6/28/14: We're not dead, just both stuck in the hell of very recent full-time hours and new positions at our jobs. Right now, life is consisting of coping with a million new things with no training and little sleep when we get home. It's kinda beaten up the muse a bit more. The stories are still there, we still know everything we plan to write, and we want to write them. It's just finding the time and energy to do so. Hopefully some of you are still out there and want them to move forward, too. Words can't express how much we miss you and them. Being away from the account hurts in so many ways I can't even get into. Life just keeps getting in the way.

Also, since I have no format in which to write them, LSR7, check the New Readers Guide to the KLK AUs here for the order on the Little Secrets oneshots. I wish I knew a new to put them in chronological order. I think the only place they're like that is my Livejournal account, with the Indexs of DOOM. If you see this, thank you SO much for the reviews lately. All of them make me want so bad to come back and play in my sandbox.

I MIIIIISS YOOOOOU GUUUUUYS!

And just to prove that it's not all gone, a unedited preview for the next ATU and a little nibble of future events for one family member in the LS-verse:

AND BEYOND HERE THERE BE SPOILERS, SOME LARGE (in the great Lo tradition of only keeping SOME SECRETS):

ATU: Forever We'll Defend (Chapter 52 preview)

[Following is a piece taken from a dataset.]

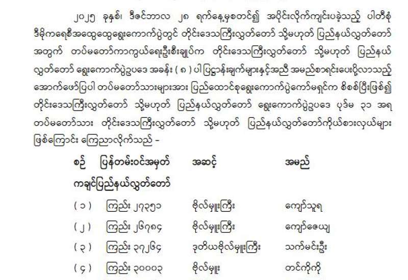 ရန်ကုန်မြို့နှင့် မန္တလေးမြို့အတွက် ရည်ညွှန်းလက်ကားဈေးနှုန်းများနှင့် ပြည်ထောင်စုနယ်မြေ နေပြည်တော်၊ တိုင်းဒေသကြီး/ ပြည်နယ် မြို့တော်များအတွက် ရည်ညွှန်းလက်လီဈေးနှုန်းများ

Claire Sutherland paused in the lobby of the base post office to sort through her mail. It was truly amazing how much junk mail tended to accumulate, even for someone who moved around frequently. Mostly advertising fliers of one kind or another…

…but she came to sudden, sharp alertness when she heard someone say "hostages". Without looking up, letting herself seem fascinated by the tempting offer from the nearest car dealership, she strained her ears to listen.

It was probably just nonsense, the way most of the talk was. But if the off-duty soldier who'd spoken was talking about what she thought he was talking about, then Claire was deeply intrigued.

The man was talking quietly with two friends, but a middle-aged woman engrossed in her mail passed beneath their notice, and they didn't bother to whisper. This was a base, after all, and there were Army wives around all the time. She was part of the scenery to them, and she blessed it even as her eyes ran over the small print on the flier. Despite passing over the words again and again, despite knowing the language, she got no sense of them, her eyes simply on autopilot while her mind was devoted to her ears.

"Mad Dog took off with a wild hair up his tailpipe," one of the men muttered.

"Think he's cracking up?" one of the others said, and that was nearly a whisper.

The third man snorted. "Cracking down, more like. Security's tight ever since the last of the hostages came home. Speaking of which, zip it."

They changed topics and moved on, but now Claire could only stare unseeing as the bright-red convertible in the ad jittered with the shaking of her hands. The hostages who had come home had to be the political prisoners held on New Krypton. And she hadn't known that they'd returned to Earth.

That was no surprise, though. The Mad Dog they'd mentioned was General Samuel 'Mad Dog' Lane, and his daughter Lois had been among the hostages taken. Some months later, as political intrigue heated up, his wife and younger daughter had quietly disappeared.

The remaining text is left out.